Depending on who you ask, the death of this individual animal Sunday represents a tragic loss, a legal harvest that raises no biological issues, or just a nice pelt for a guy on a guided bear hunt.

"It's wildlife, it's fair game and it's conservation," said Ray Atkins, a longtime master guide who escorted the hunter. "A mama wolf can produce a dozen wolves in six weeks, and in six months she can have them hunting. In the whole scheme of things, this is about as significant as one grain of sand in the Pacific Ocean."

Atkins would not identify the hunter.

Taking an opposite view was Karen Deatherage, Alaska representative for Defenders of Wildlife.

"That one person can truly destroy one animal that means so much to thousands of others is wrong _ it certainly has devastated me," she said Tuesday. "He just was a pretty incredible animal that led a very challenging life, and it's just very sad that it had to end this way, particularly when there was just 13 days left in the hunting season."

At least 70 wolves roam Denali park in 15 packs, a population considered slightly low but within normal ranges, said park spokeswoman Kris Fister. The loss of the single wolf "is not a biological problem," said Cathie Harms, spokeswoman for the Alaska Department of Fish and Game.

How much protection should be given to the packs that stray outside park boundaries near the Parks Highway has been argued at the Alaska Board of Game for decades. Much of the issue focuses on a rectangular extension of state land nicknamed the "wolf townships" for its use by the animals in winter.

After the male wolf immigrated into Denali and bonded with a female Toklat wolf, he basically took over the group. Over the next three seasons, the pair produced two litters and became one of the most visible wolf families in history, seen by thousands along the park road during summer, according to wolf advocates and biologists.

Then, on Feb. 11, a Denali-area trapper killed the Toklat alpha female just across park boundaries in the wolf townships. Another adult female from the group was also trapped, and then a young wolf was seen dragging a trap on its foot inside the park.

Through March, the male kept returning to the trapping area, then began wandering to the southeast, first one way and then another. He mated with a so-far-unidentified female, but then they separated too.

Last week, the animal veered into the park, Haber said. Last weekend, he moved south toward Cantwell, where he was killed.

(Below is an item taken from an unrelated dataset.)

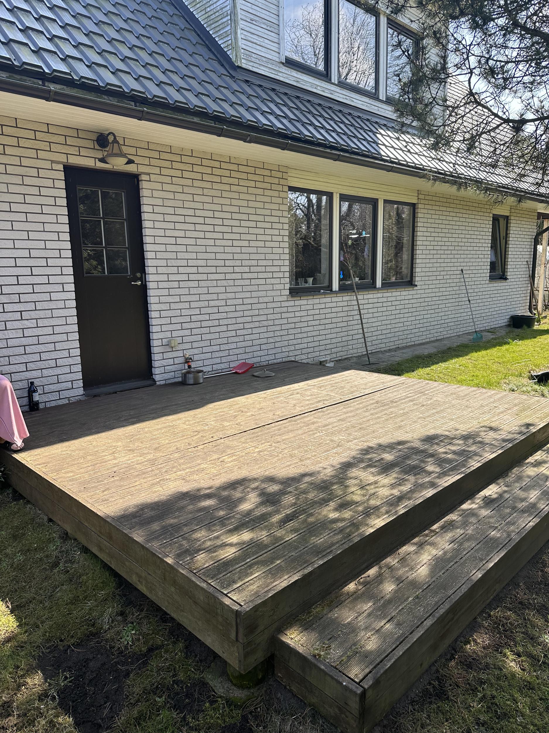 Pakkumine sisaldab. -vana terassi lammutus ja utiliseerimine 20m2 -uue terassi ehitus 20m2 -vajalikud materjalid ja tarvikud -materjalide transport -portaali teenustasu Heade soovidega, Kristjan |

"Everything about his behavior just went wacko," Haber said Tuesday. "I've never quite seen anything so erratic in my 40 years of studying wolves.

"They form extremely close bonds, certainly comparable to human bonds, maybe even more so. It's not all too difficult to imagine a mate getting his head pretty messed up after losing a companion," said Haber, whose work is funded by the animal rights group Friends of Animals.